Western leaders paid tribute to Navalny’s courage as a fighter for freedom. Some, without citing evidence, bluntly accused the Kremlin of murder and said Putin should be held accountable for the death.

“His death in a Russian prison and the fixation and fear of one man only underscores the weakness and rot at the heart of the system that Putin has built. Russia is responsible for this,” US Secretary of State Antony Blinken said shortly before meeting Navalny’s wife in Munich. 

Murder accusation

Navalny’s team, who have fled abroad, said it had no confirmation of his death but cast the prison service’s statement as a murder confession.

“We have no reason to believe state propaganda,” Leonid Volkov, Navalny’s chief of staff, said. “If this is true, then it’s not ‘Navalny died’, but ‘Putin killed Navalny’.”

Navalny’s lawyer was on his way to the prison in Kharp, known as one of Russia’s toughest penal colonies, where Navalny was serving sentences that would have kept him in prison beyond the age of 70.

Russian state television showed a press conference by the central bank chief as the news broke.

To supporters, Navalny was a future leader of Russia who would one day walk free from jail to take the presidency, though many opposition activists had expressed fears that he was in grave danger in the Russian prison system.

Navalny earned admiration from Russia’s disparate opposition for voluntarily returning to Russia in 2021 from Germany, where he had been treated for what Western laboratory tests showed was an attempt to poison him with a nerve agent.

Navalny said at the time that he was poisoned in Siberia in August 2020. The Kremlin denied trying to kill him and said there was no evidence he was poisoned with a nerve agent.

There are few, if any, Russian opposition leaders of such prominence left inside Russia.

Navalny long forecast Russia could face seismic political turmoil because he said Putin built a brittle system of personal rule reliant on corruption.

He vented his anger in 2023 at the Russian elite for its venality, expressing hatred for those who squandered a historic opportunity to reform after the 1991 fall of the Soviet Union.

“I can’t stop myself from fiercely, wildly hating those who sold, pissed away, and squandered the historical chance that our country had in the early nineties,” Navalny said. (Story continues below)

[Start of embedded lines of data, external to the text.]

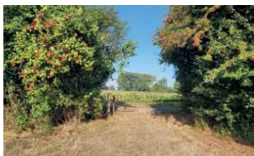
Vlot berijdbare toegang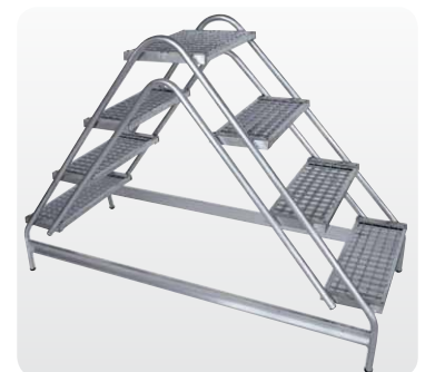
Abb. Best.-Nr. 50064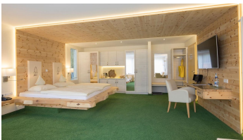
Wellnesshotel Tanne Himmelssuite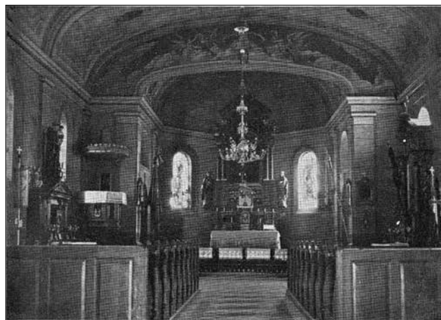
4. kép – Korabeli képeslap a templom belsejéről

A felszabadult területekért 1920. szeptember 18-án tartottak hálaadó szentmisét, ahol jelen volt Szeged szabad királyi város polgármestere, a városi kapitány és a főügyész is. A jeles személyiségek látogatása után, október 27-én a polgármester úgy határozott, hogy a templom udvarán felhalmozott anyagokból a plébánia épületét ki kell bővíteni. November 7-én megkezdték az építkezést, december 3-ra tető alá került az új épületrész. Az építkezést márciusban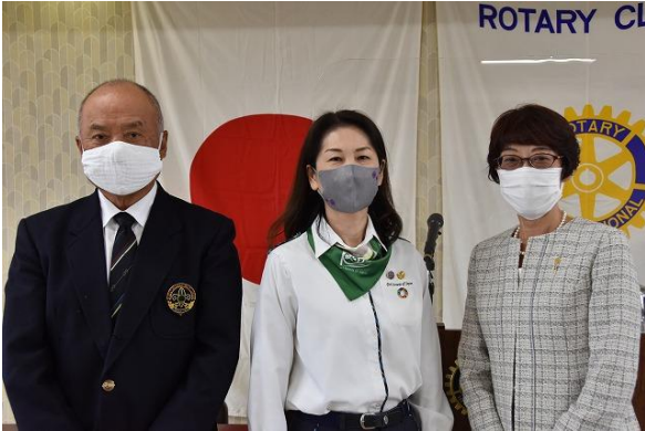
ボーイスカウト銚子第3団 ガールスカウト千葉県第21団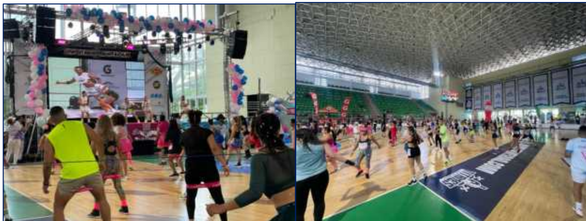
Momentos de XXII Competencia Nacional de Aerobicos realizada en el Estadio Elias Chewing, el pasado 17 de agosto, con el objetivo de integrar a los amantes del fitness y fomentar estilos de vida saludable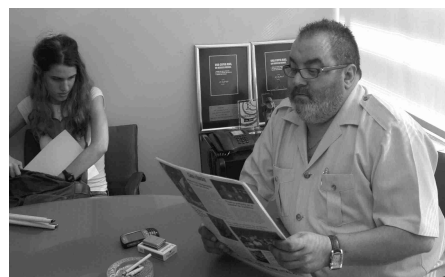
Jorge Lanata nos invita a reflexionar sobre ética

Alexei Navalny speaks to the crowd during a protest demanding fair elections in central Moscow in March 2012. He was reported to have died on Friday in an Arctic prison colony where he was being detained. (Photo: Reuters)

Kremlin enemy

A day before his death, Navalny peered through a barred window, laughing and cracking jokes about his depleting funds and the judge’s salary.

“Your Honour, I will send you my personal account number so that you can use your huge salary as a federal judge to ‘warm up’ my personal account, because I am running out of money,” he said via video link.

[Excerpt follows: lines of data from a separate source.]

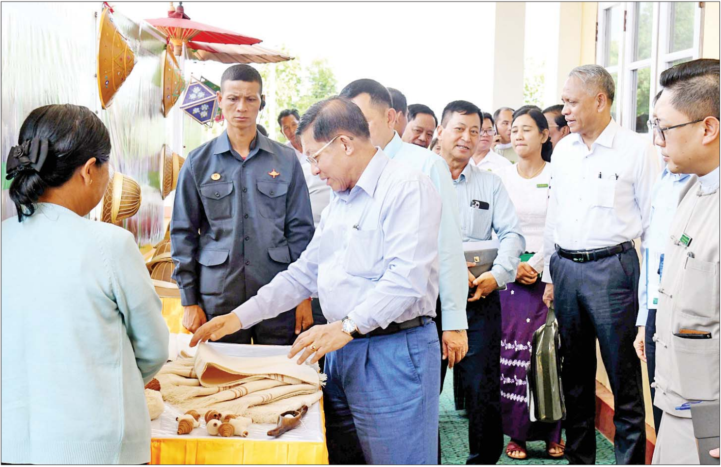
နိုင်ငံတော်စီမံအုပ်ချုပ်ရေးကောင်စီဥက္ကဋ္ဌ နိုင်ငံတော်ဝန်ကြီးချုပ် ဗိုလ်ချုပ်မှူးကြီး မင်းအောင်လှိုင် ဓနကိုယ်ပိုင်အုပ်ချုပ်ခွင့်ရဒေသ ထုတ်ကုန်ပစ္စည်းများခင်းကျင်းပြသထားရှိမှုကို ကြည့်ရှုလေ့လာစဉ်။

ပြည်ထောင်စုဝန်ကြီးများက သက်ဆိုင်ရာကဏ္ဍအလိုက် ပြန်လည်ရှင်းလင်းဆွေးနွေး ဆက်လက်ပြီး လုပ်ငန်းရှင်များ၏ တစ်ဦးချင်းရှင်းလင်းတင်ပြမှုများနှင့်ပတ်သက်၍ ပြည်ထောင်စုဝန်ကြီးများက နိုင်ငံစီးပွားဖွံ့ဖြိုးတိုးတက်ရေးအတွက် အသေးစား၊ အငယ်စားနှင့် အလတ်စား စီးပွားရေး (MSME) လုပ်ငန်းများကို အားပေးဆောင်ရွက်လျက်ရှိမှု၊ နိုင်ငံစီးပွားမြှင့်တင်ရေးရန်ပုံငွေမှ ရင်းနှီးမတည်ငွေများကို ထုတ်ချေးပေးထားမှု၊ ဖွံ့ဖြိုးတိုးတက်ရေး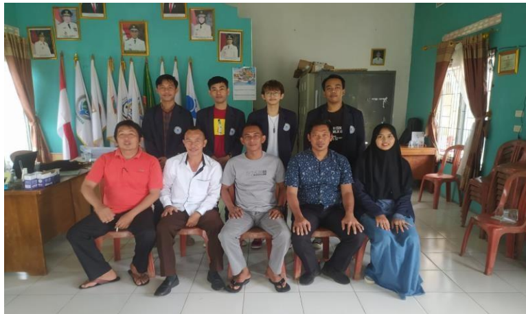
Gambar 3 : Kunjungan ke Desa KEKILING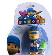
Pocoyo bainuko pampina Zein adinetako haurrentzat proposatzen du: 18 hilabetetik gorakoentzat. Ez du adierazten gehienez zein adin arte erabil litekeen.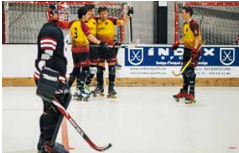
Celebració d'un gol de l'HC Castellar al Dani Pedrosa.

un camí planer pels locals i els grocs capgiraven amb solvència el lluminós del Dani Pedrosa. De nou, Vegas tornava a empatar el partit (3-3), abans que el Sant Just tornés a manar al marcador.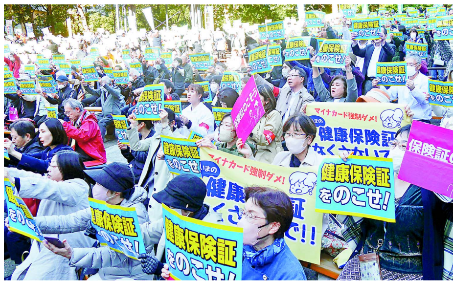
「保険証をのこせ」と、新婦人の会員もかけつけた7日、東京・千代田区

障害者団体の代表は「高齢者や障害者は更新などの手続きを自分で行うことが難しく、支援体制もなく、置き去りにされる」と告発。その後の銀座デモでは、町ゆく人から声援が寄せられるなど反響がひろがりました。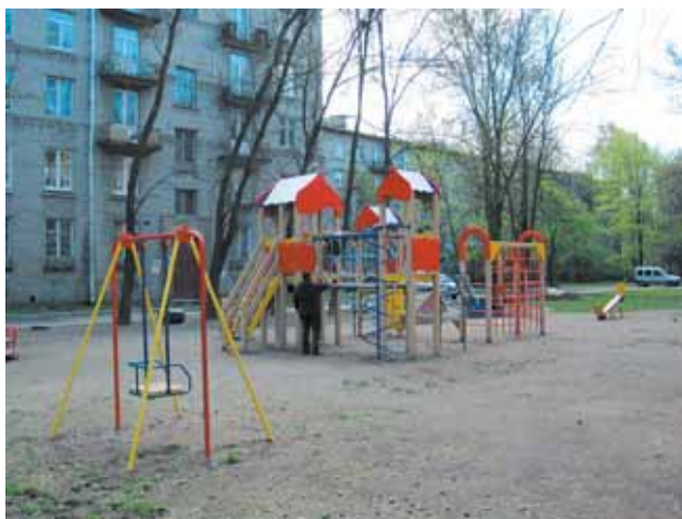
Кондратьевский пр., д. 61–63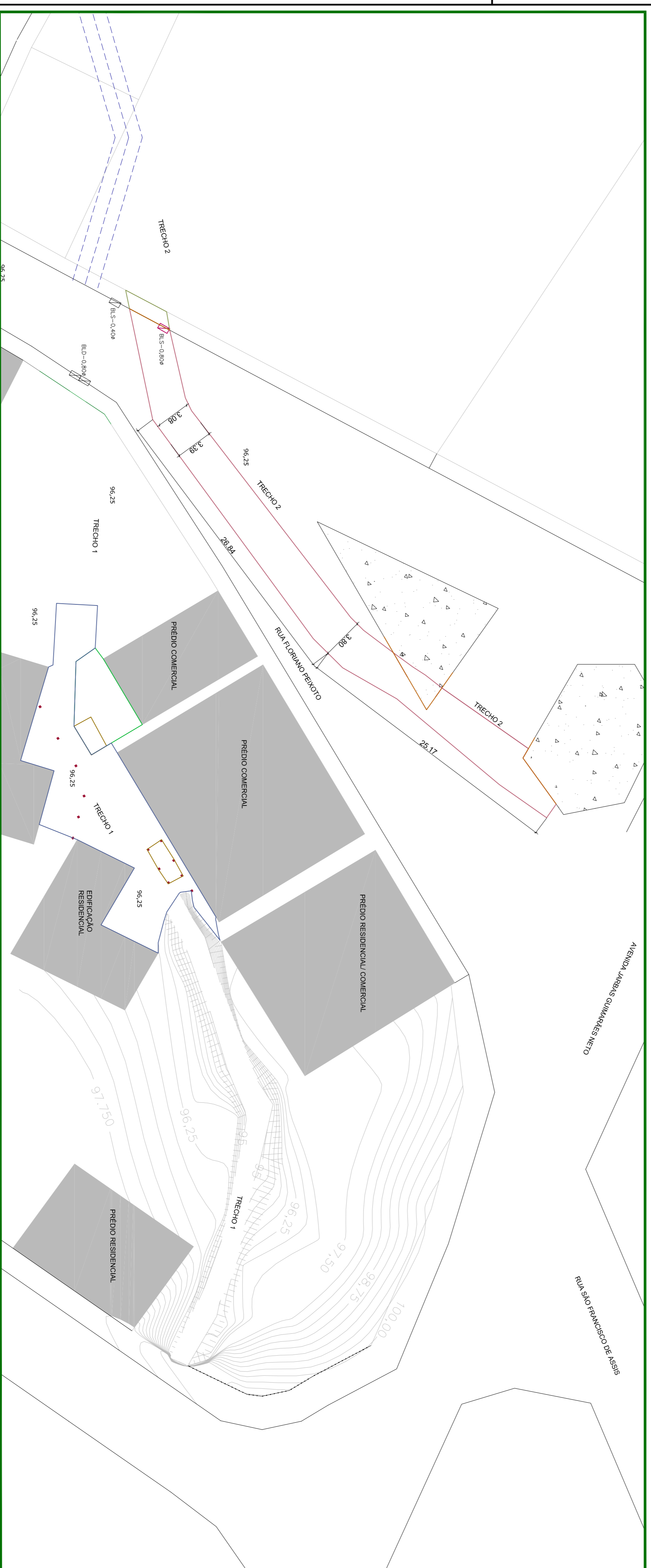
PLANTA DE IMPLANTAÇÃO - TRECHO 1 e 2 - Escala: 1/250

The Kremlin repeatedly dismissed Navalny’s claims of vast corruption and allegations about Putin’s personal wealth. Navalny’s movement is outlawed and most of his senior allies now live in exile in Europe.

Russian officials cast Navalny as an extremist who was a puppet of the US CIA intelligence agency which they say is intent on turning Russia into a client state of the West.

When demonstrations against Putin flared in December 2011, after an election tainted by fraud accusations, he was one of the first protest leaders arrested.

In an interview in Moscow in 2011, Navalny was asked by Reuters if he was afraid of challenging Putin’s system.

“That’s the difference between me and you: you are afraid and I am not afraid,” he said. “I realise there is danger, but why should I be afraid?”

Navalny’s last post on Telegram was a Valentine’s Day message to his wife Yulia below a picture of them together.

“Baby, you and I have everything like in the song: cities between us, airfield take-off lights, blue blizzards and thousands of kilometres. But I feel that you are there every second, and I love you more and more,” Navalny said.